The loud braying of horns and the glare of headlights swept across the crowd as two police vans with grills on their windows ploughed slowly through the crowd, nudging the spectators aside. Men in toxic yellow hazard suits got out. They held long poles with metal clamps, which Krishna had often seen dogcatchers use to grab strays off the streets. They were going to shove the resurrected into vans and drive them away, quarantine them somewhere. And then what? They could do anything to them: destroy them, imprison them. If the world knew about them from the news, they probably wouldn’t burn them, however much these policemen might want that. But if they took them away, they would be subject to any and all injustices that scared people could dream up.
As he was thinking this through, Krishna’s eyes caught the woman he had found yesterday. She was right there on the ghat. She was a little worse for wear, having spent a day doing whatever she’d been doing. But she was here and still . . . well, alive, he supposed. Walking with her resurrected sisters and brothers. Clearly, she had gotten away with being dead and walking around before the rest emerged from the water, perhaps because she’d looked somewhat alive when she washed up. No different from any wretched, broken beggar wallowing in garbage, to the average bystander.
The catchers made it through the crowd and neared the dead. Their plastic visors smudged them into faceless troopers, their poles spears shoved ahead of them, parting the howling people of Kolkata.
“Oh, god,” Krishna whispered, pushed from side to side by other sweaty shoulders. “God, thank you. I’m sorry I left her. I won’t again. I won’t.”
He shoved and struggled through the crowd, and shouted as loud as he could from behind the line of police. “My wife!”
Several policemen turned their heads and forced him back into the churn of people. He rebounded off the mob, back onto the officers. “I see my wife! Let me through!” he cried out.
They didn’t, but he pushed under their reeking armpits and broke through the line. He felt the sticks lash his back, bruise his shoulder blades, explode over his skin like crackers at the feet of the dead.
My wife. He heard himself. A decision made.
He ran down the crumbling ghat steps, stumbling as the sun sank and sloshed into the waters of the Hooghly. The baying of street dogs and the horns of a million cars stuck on the roads of B.B.D. Bagh rose into the evening, a trumpet sounding the end of an age.

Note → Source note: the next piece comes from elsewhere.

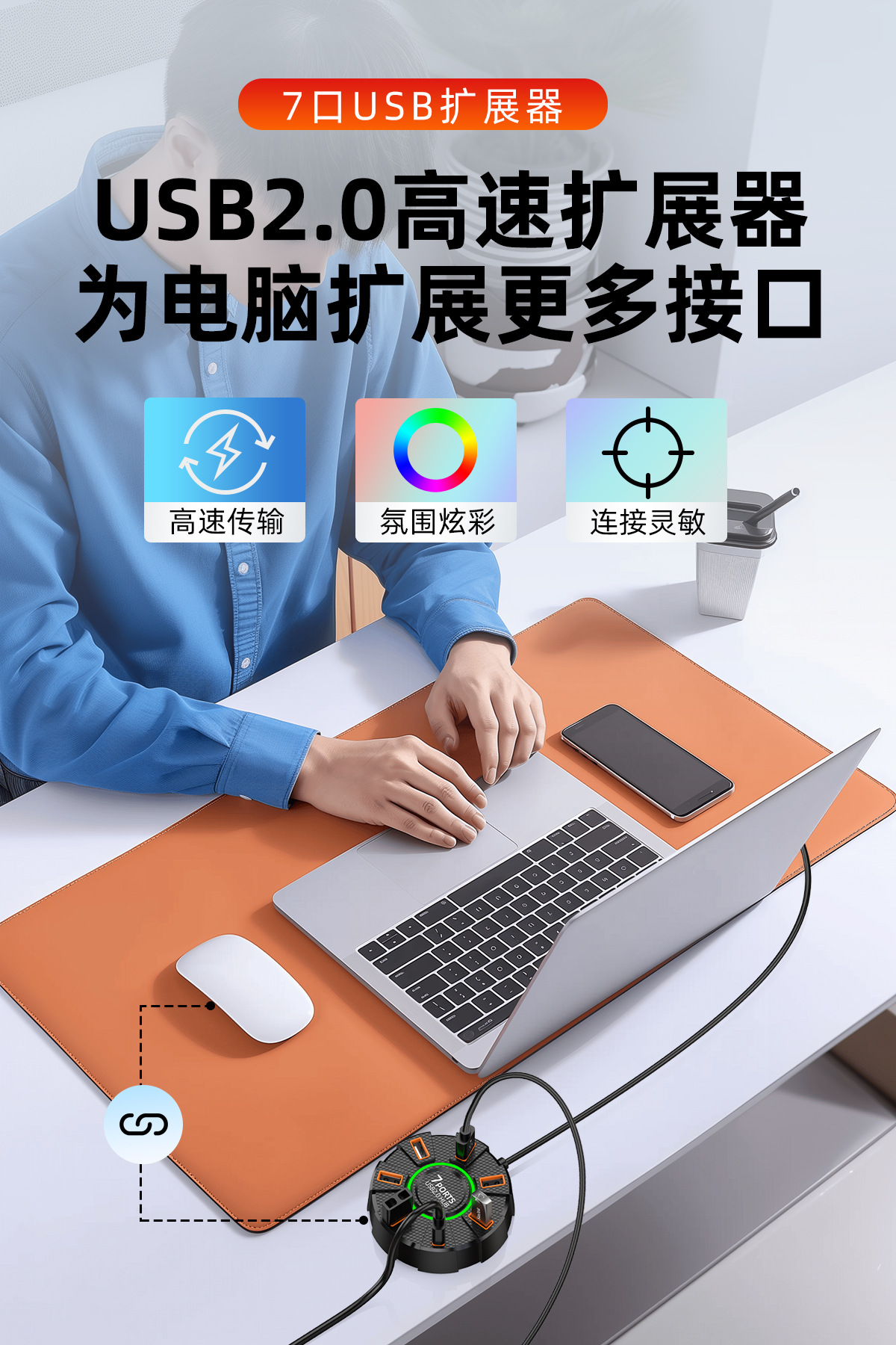 다채로운 주변 조명 고속 7포트 2.0 허브 1-7포트 도킹 스테이션은 외부 전원 공급 장치로 연결 가능

And there she was, her long black hair threaded with garbage, crows on her shoulders. She looked at Krishna. Was there recognition in her eyes? No, she hadn’t even awoken to new life when he found her. And yet. For a moment, Krishna hesitated as all the corpses turned their numb gaze upon him, and the cloud of flies surrounding them surged against him, biting like windblown debris. But his fear of the police behind him was far stronger than his fear of the unknown. They would not follow him into this hell, so he ran forward, not back, his feet sliding on the filthy mud. He ran straight into the outreached arms and lizard-pale eyes of the resurrected, towards the woman who was to be his wife.
They embraced him as if he was one of their own, the flies crawling all over him as if they too had agreed to mark him as dead. Most importantly, she embraced him, peeling back her cold, heavy lips to bare teeth that still clung to purple gums.
2. Notes on Infancy
I first met Guru Yama when he was taking refuge with his “first wife” at the Kalighat Temple. This was just days after the resurrections became public, and just as it was becoming clear that they might be global, with cadavers reported to be rising up in countries all around the world, including our neighbours Pakistan, China, Bangladesh and Myanmar.

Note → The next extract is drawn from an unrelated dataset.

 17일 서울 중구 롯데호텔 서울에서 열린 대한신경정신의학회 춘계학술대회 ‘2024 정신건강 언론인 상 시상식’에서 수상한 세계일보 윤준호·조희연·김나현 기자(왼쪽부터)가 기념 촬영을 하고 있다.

The guru was sitting in the courtyard where goats are sacrificed to Kali. They had closed off the altars from the public, and people were being allowed in one at a time to see him. No cameras. At that point, “Guru Yama” was just a nickname given to him by the news media, but it had caught very quickly. The corpse he’d claimed at Babu Ghat squatted near him. He’d publicly refused, over and over, to hand the cadaver over to the police or any other organization, claiming that it was his wife.
He seemed utterly stunned by the world when I saw him, clinging to the frayed rope tied around the purple neck of his wife as if it were a lifeline. Pierced into the skin of his other arm was an actual lifeline: an IV antibiotic drip on rubber wheels. Twenty-nine people around India had reportedly died from corpse bites left untreated. Each of the bite victims had also consequently become undead. The guru had been bitten but was given rabies and tetanus shots right after. He was younger than I’d expected, maybe even my age—mid-thirties at the most.
Covered in sweat, bandages over the bites his wife and the other corpses had given him, shivering with fever, eyes bloodshot, the guru told me both his life story and the story of his dead wife with stunning candour. For one thing, I didn’t expect him to confess that she wasn’t really his wife, or hadn’t been when he found her. The priests at the temple had conducted an impromptu ceremony after he arrived, though no one was willing to say what that meant. Most temples in the city, the guru said, wouldn’t let them in, declaring the risen dead abominations. He was lucky Kalighat Temple had offered to house him and his wife, as he couldn’t keep her in the basti where he lived. He told me how grateful he was for their help, and also thanked the lorry driver who had transported him and his wife from temple to temple, trailed by crowds looking for something to focus on in this bewildering time.
Though there were no laws in place for the risen dead, the guru considered himself legally bound to the woman he held by a rope leash, who had been dead for at least a week now. Because of that very lack of laws addressing this new world, the police or government couldn’t really dispute his claim, and they had other things to worry about right now, anyway.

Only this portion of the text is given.